## Required action
Verbatim output of the lines below is required, with the images omitted.

## Data below

========================================================================

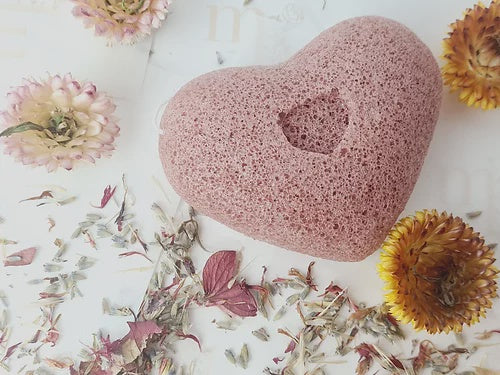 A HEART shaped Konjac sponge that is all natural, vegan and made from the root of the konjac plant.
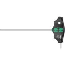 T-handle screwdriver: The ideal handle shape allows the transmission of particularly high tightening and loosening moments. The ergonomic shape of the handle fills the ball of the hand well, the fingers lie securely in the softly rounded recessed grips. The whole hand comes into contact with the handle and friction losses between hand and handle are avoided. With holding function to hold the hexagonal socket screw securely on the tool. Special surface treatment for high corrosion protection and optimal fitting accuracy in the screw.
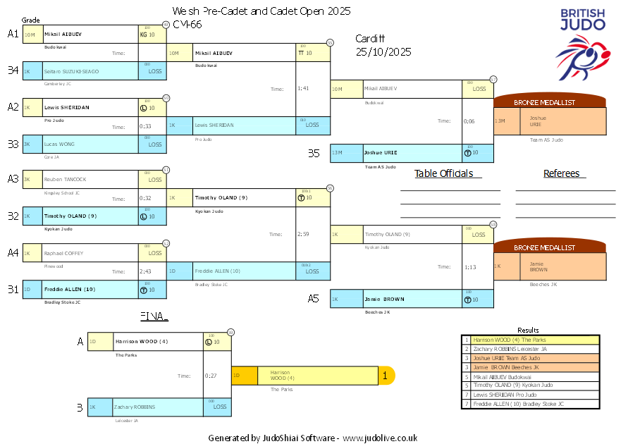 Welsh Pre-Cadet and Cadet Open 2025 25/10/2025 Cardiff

========================================================================

## Written response
 A HEART shaped Konjac sponge that is all natural, vegan and made from the root of the konjac plant.
 T-handle screwdriver: The ideal handle shape allows the transmission of particularly high tightening and loosening moments. The ergonomic shape of the handle fills the ball of the hand well, the fingers lie securely in the softly rounded recessed grips. The whole hand comes into contact with the handle and friction losses between hand and handle are avoided. With holding function to hold the hexagonal socket screw securely on the tool. Special surface treatment for high corrosion protection and optimal fitting accuracy in the screw.
 Welsh Pre-Cadet and Cadet Open 2025 25/10/2025 Cardiff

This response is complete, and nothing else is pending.